» **EXERCISE DETAILS**
Only one stretch of the records below should be repeated. It starts with the line containing "東葛飾学園では、こうしたボラ" and goes on through the line containing "There were chants", exactly as written.

» **DATASET**

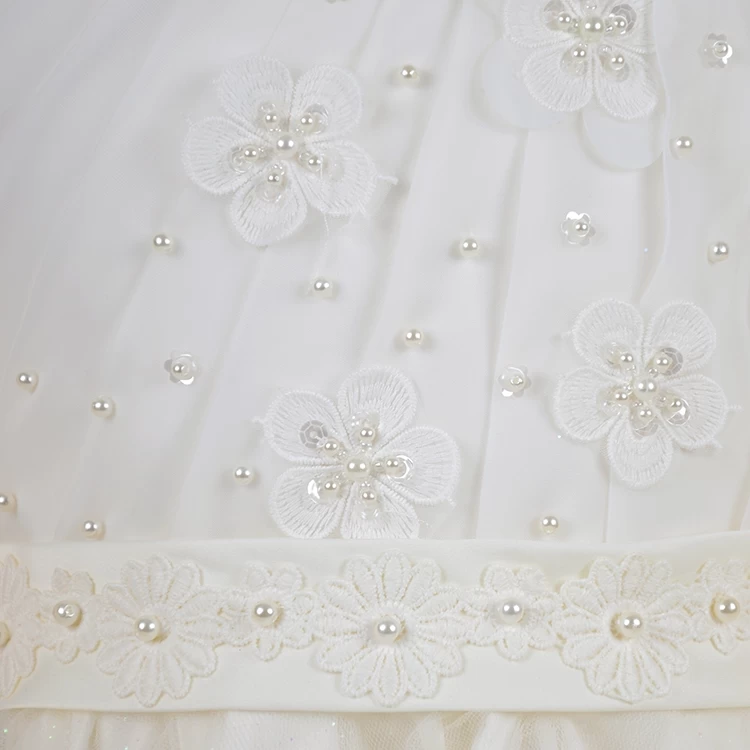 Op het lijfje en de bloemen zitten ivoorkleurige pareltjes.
==
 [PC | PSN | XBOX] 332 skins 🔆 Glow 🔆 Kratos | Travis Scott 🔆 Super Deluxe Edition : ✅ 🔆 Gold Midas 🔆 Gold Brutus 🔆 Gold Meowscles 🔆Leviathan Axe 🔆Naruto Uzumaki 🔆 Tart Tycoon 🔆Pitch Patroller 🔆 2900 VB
---
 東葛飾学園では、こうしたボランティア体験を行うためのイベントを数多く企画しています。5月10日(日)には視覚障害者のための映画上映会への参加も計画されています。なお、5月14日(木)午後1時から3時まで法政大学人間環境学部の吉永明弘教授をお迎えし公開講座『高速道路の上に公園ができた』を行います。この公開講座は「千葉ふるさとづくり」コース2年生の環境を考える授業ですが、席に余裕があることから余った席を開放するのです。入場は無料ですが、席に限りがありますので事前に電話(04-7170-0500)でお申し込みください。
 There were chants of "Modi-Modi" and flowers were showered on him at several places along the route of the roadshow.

» **ANSWER TO THE EXERCISE**
 東葛飾学園では、こうしたボランティア体験を行うためのイベントを数多く企画しています。5月10日(日)には視覚障害者のための映画上映会への参加も計画されています。なお、5月14日(木)午後1時から3時まで法政大学人間環境学部の吉永明弘教授をお迎えし公開講座『高速道路の上に公園ができた』を行います。この公開講座は「千葉ふるさとづくり」コース2年生の環境を考える授業ですが、席に余裕があることから余った席を開放するのです。入場は無料ですが、席に限りがありますので事前に電話(04-7170-0500)でお申し込みください。
 There were chants of "Modi-Modi" and flowers were showered on him at several places along the route of the roadshow.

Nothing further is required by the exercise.